The answer was clear. “Love makes us so crazy we can’t recognize the real thing. We get swept up, swept away, and we start believing in miracles.”
“Yeah, well… I should have found something real to believe in.” Fidel’s eyes bulged, and he pulled a phone from his back pocket. “I almost forgot… oh shit, I meant to tell you this first.”
“That’s my phone!”
“Yeah, I found it in the parking lot. How else would I have known you really are who you say you are?”
“Hmm. Good question.” She hadn’t thought about that—she was just so relieved somebody believed her. “Here, give it.”
“Wait a sec, because I need to tell you something.”
“Tell me what?”
“You got a text message.”
“Wait, if you came here in the eighties how do you know how to work a cell phone?”
“I’ve seen cell phones before,” he said in exasperation. “People come here all the time. You’re not the only… look, be quiet and listen to me, okay?”
“It just seems kind of weird.”
Gripping her shoulders, he said, “Listen to me! Your father was in an accident.”
Gabrielle swallowed every bit of joy like a bitter pill. “What did you say?”
She swiped for her phone and he gave it to her. “You got a text from your sister, I guess, saying your dad’s car was hit. That’s why I’m letting you go. Madame will come after me when she finds you gone, but I don’t care. I never got to say goodbye to my parents. I can only assume they’re dead by now. I don’t want the same thing to happen to you.”
“So my dad is… he’s still alive? Is he okay?” She tried to read her messages, but her eyes blurred with tears. “Tell me what happened.”

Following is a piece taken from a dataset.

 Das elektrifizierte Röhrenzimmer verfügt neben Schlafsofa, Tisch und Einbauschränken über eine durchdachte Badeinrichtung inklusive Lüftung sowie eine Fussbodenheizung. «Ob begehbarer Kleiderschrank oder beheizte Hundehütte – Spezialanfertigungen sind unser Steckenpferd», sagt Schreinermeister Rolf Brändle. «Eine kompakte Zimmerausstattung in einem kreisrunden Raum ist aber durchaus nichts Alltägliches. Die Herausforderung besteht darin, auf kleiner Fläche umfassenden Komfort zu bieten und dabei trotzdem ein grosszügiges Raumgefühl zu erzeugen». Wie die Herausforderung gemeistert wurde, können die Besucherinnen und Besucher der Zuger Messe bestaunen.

“I don’t know. That’s why I’m letting you leave. You need to go and find out.”
“He was in the states. He does these car shows…”

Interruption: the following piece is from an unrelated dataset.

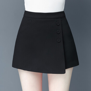 芳帛短裤女夏季2020新款韩版黑色百搭外穿裙裤宽松高腰显瘦白色a字裤 黑色 L
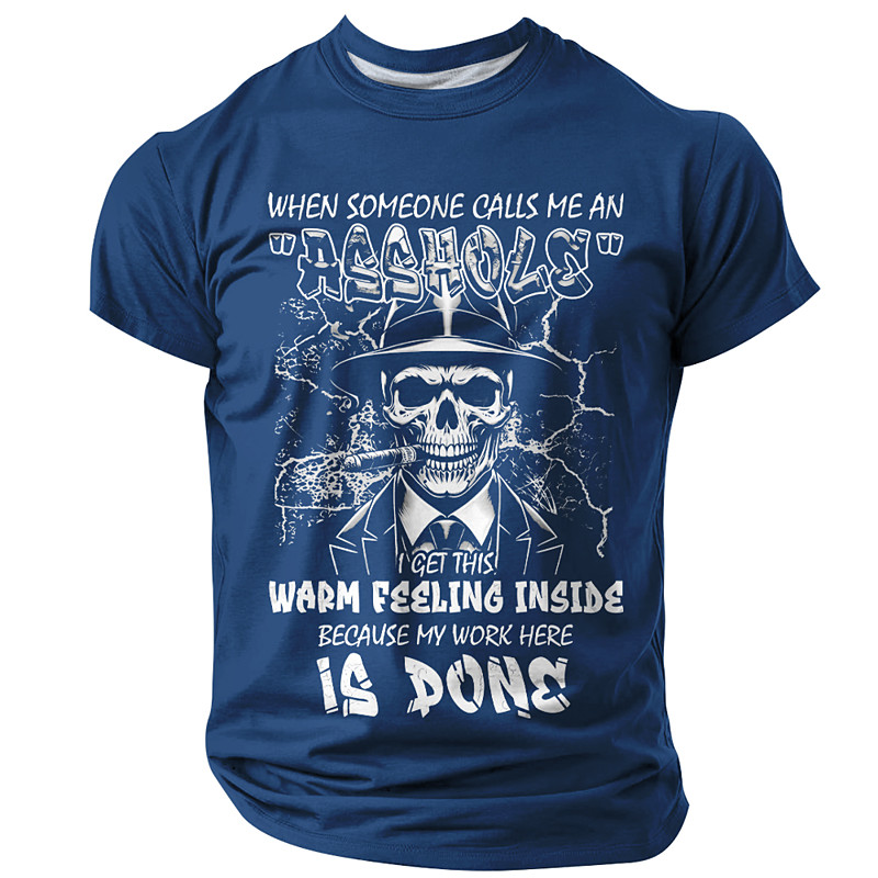 Men's Funny Graphic T-Shirt with Skull Cigar, Asshole Work Humor Sarcastic Quote

Laying a hand on her back, Fidel pushed her out of the stall.
“Wait, where are my shoes?”
“I didn’t see them.” Kicking off his leather loafers, he said, “Here. Wear mine.”

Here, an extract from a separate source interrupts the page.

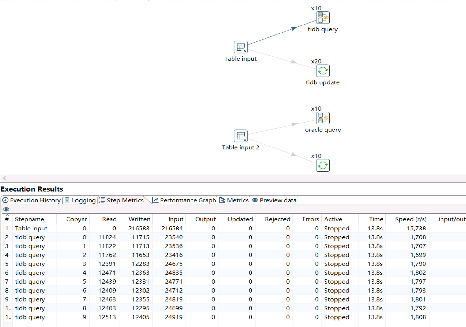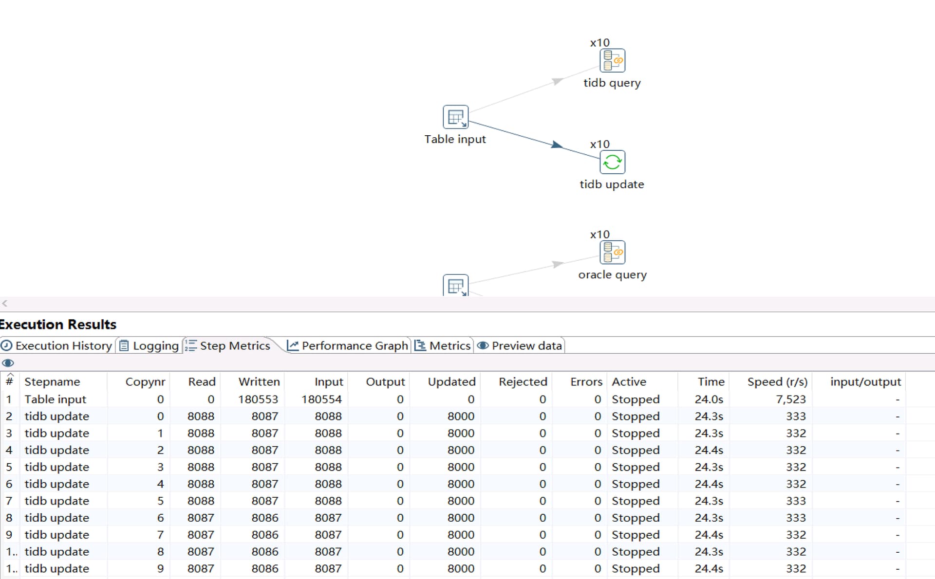 tidb链接加到10之后总速度接近1.8w/s

They were far too big, but they were warm from his body.
“Come on.” He grabbed her wrist and pulled. She screamed from the pain, then tried to cover her mouth with her hand. That only made things worse. As she slipped across the stable in Fidel’s shoes, he said, “You need to move fast. You need to get off the property and then you’re in the clear. It’s morning, so the streets should be safe. Do you have far to go?”
“No,” she said. And then, without thinking, she begged him, “Come with me.”
“I can’t.” He stopped just inside the barn door. On the other side was freedom, but before she could taste it, she had to sample the bitterness of disappointment. “Gabrielle, I’m sorry. I can’t explain it, but I belong here.”
“No you don’t. Maybe you did at one time, but you don’t anymore. It’s time to go.”
“Not for me.” There was sadness in his eyes when he said, “Go now, and don’t look back. You should never have been here in the first place.”
“I know.” She blinked back tears. “This is a terrible place, but if I’d never come I would never have met you, and…”
He didn’t let her finish that though. His urgency met her despair in a kiss that stopped the earth from turning, if only for a moment. She already knew she loved him, though she couldn’t fathom why. Now, through the force of his kiss, she knew he loved her too.
And she knew she’d never see him again.